• Task objective: Write out again, unchanged, the line that has "金蝶軟件各版本的功能區(qū)別" and each following line through the end of the entries below; leave pictures out.

───

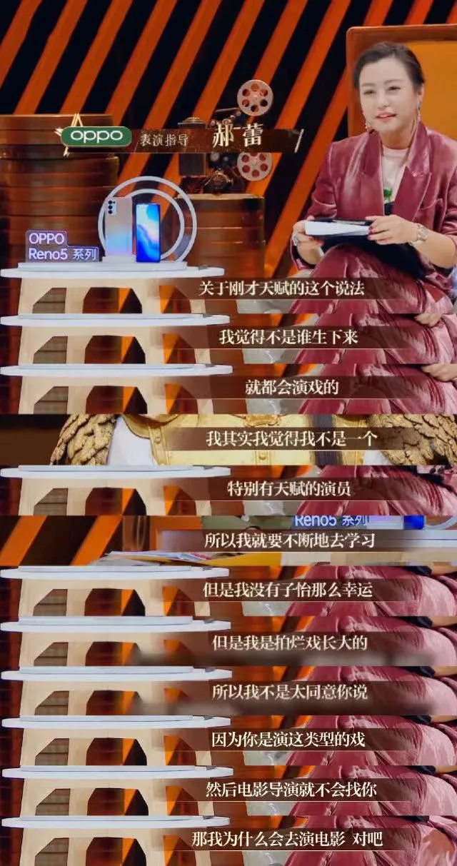 在《我就是演员》舞台上,郝蕾对“天赋与努力”也发表了自己的一番看法:
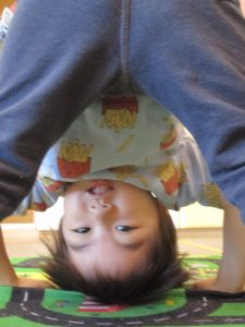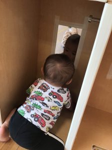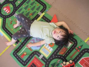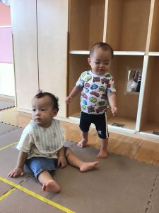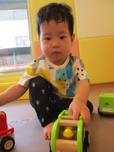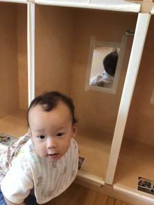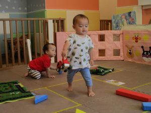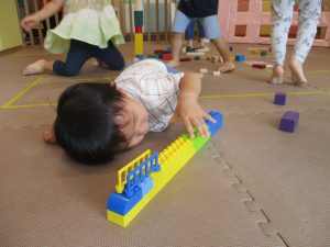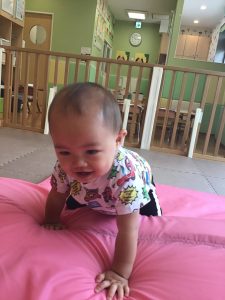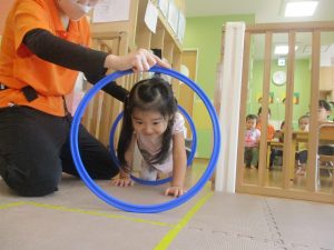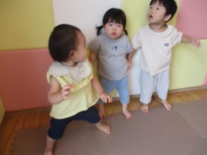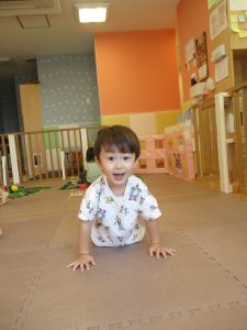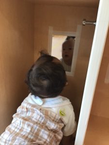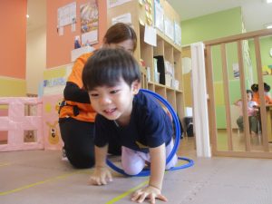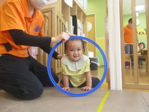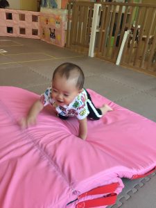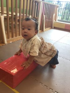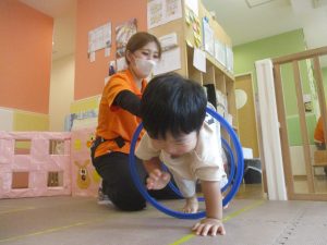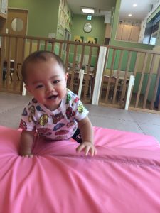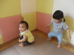 室内ではマットを組み合わせたサーキット遊びを行いましたが、力強くマットの上を移動したり室内に設置してある鏡を見ては「ニコッ」とほほ笑んでいる姿が印象的でした。
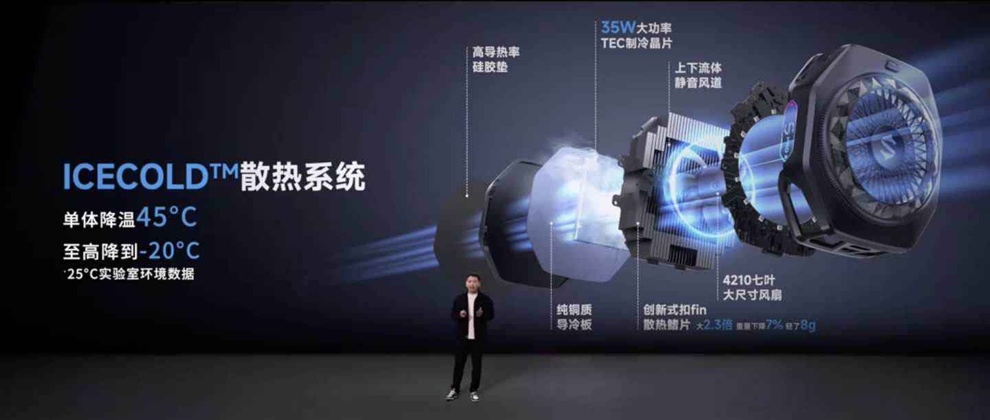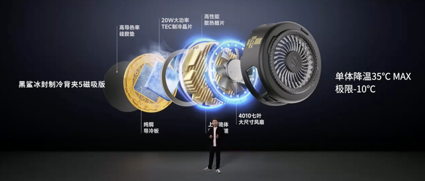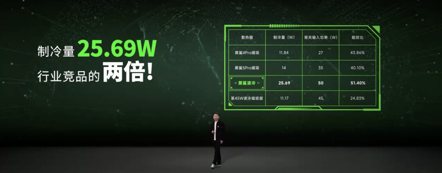官方在最后还介绍了一款黑鲨冰封液冷背夹,但没有公布更多细节,仅强调制冷量 25.69W。
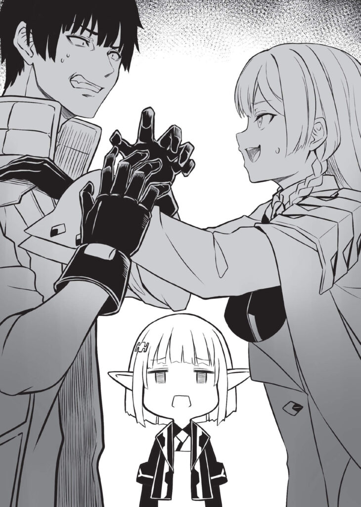 La fille aux cheveux argentés, aux yeux dorés et aux oreilles de renard qui m’avait réveillé — Kugi — rougissait en me regardant, j’avais exposé le haut de mon corps en me redressant. Vu la façon dont elle rougissait pour quelque chose d’aussi insignifiant, elle était bien trop innocente. Je trouvais cela plutôt rafraîchissant.
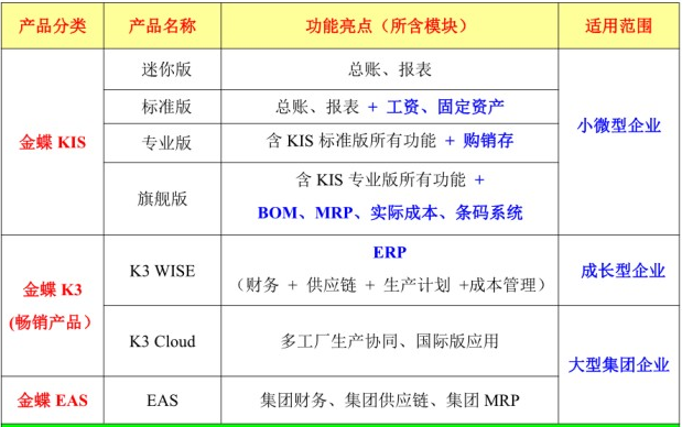 金蝶軟件各版本的功能區(qū)別
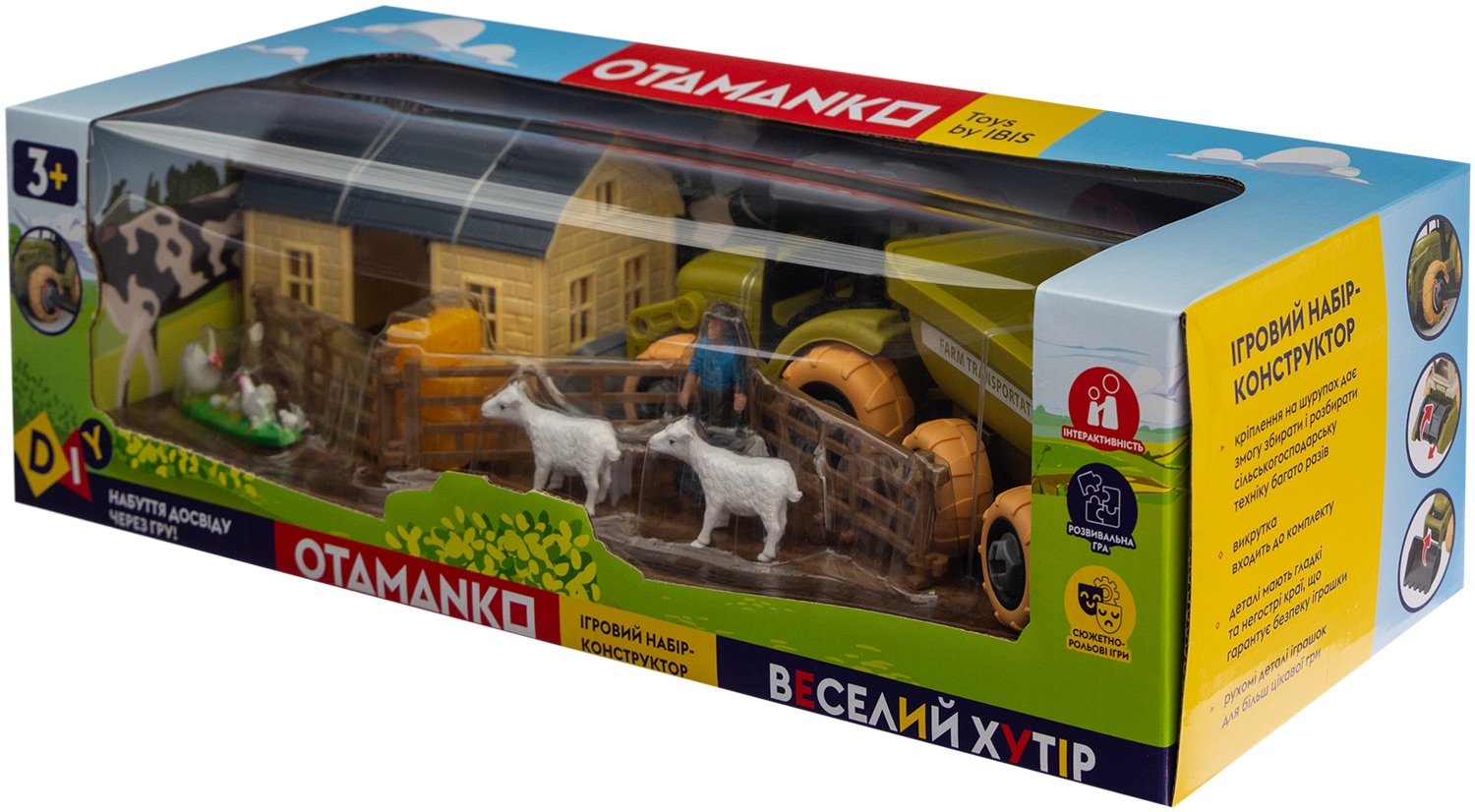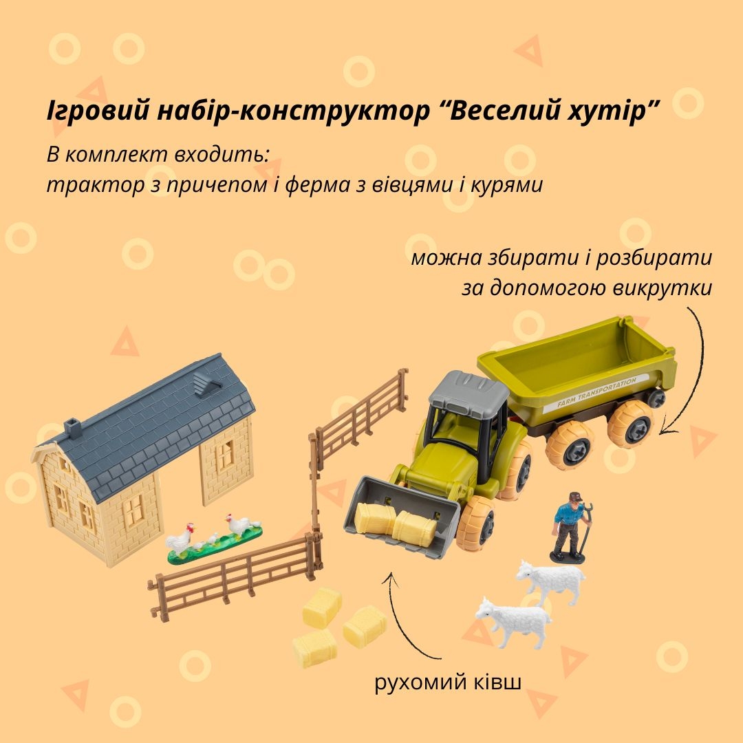 Привіт! Отаманчик запрошує вас у захопливу пригоду на ферму з набором-конструктором «Веселий хутір» з трактором та причепом!

───

• Output of the exercise:
 金蝶軟件各版本的功能區(qū)別
 Привіт! Отаманчик запрошує вас у захопливу пригоду на ферму з набором-конструктором «Веселий хутір» з трактором та причепом!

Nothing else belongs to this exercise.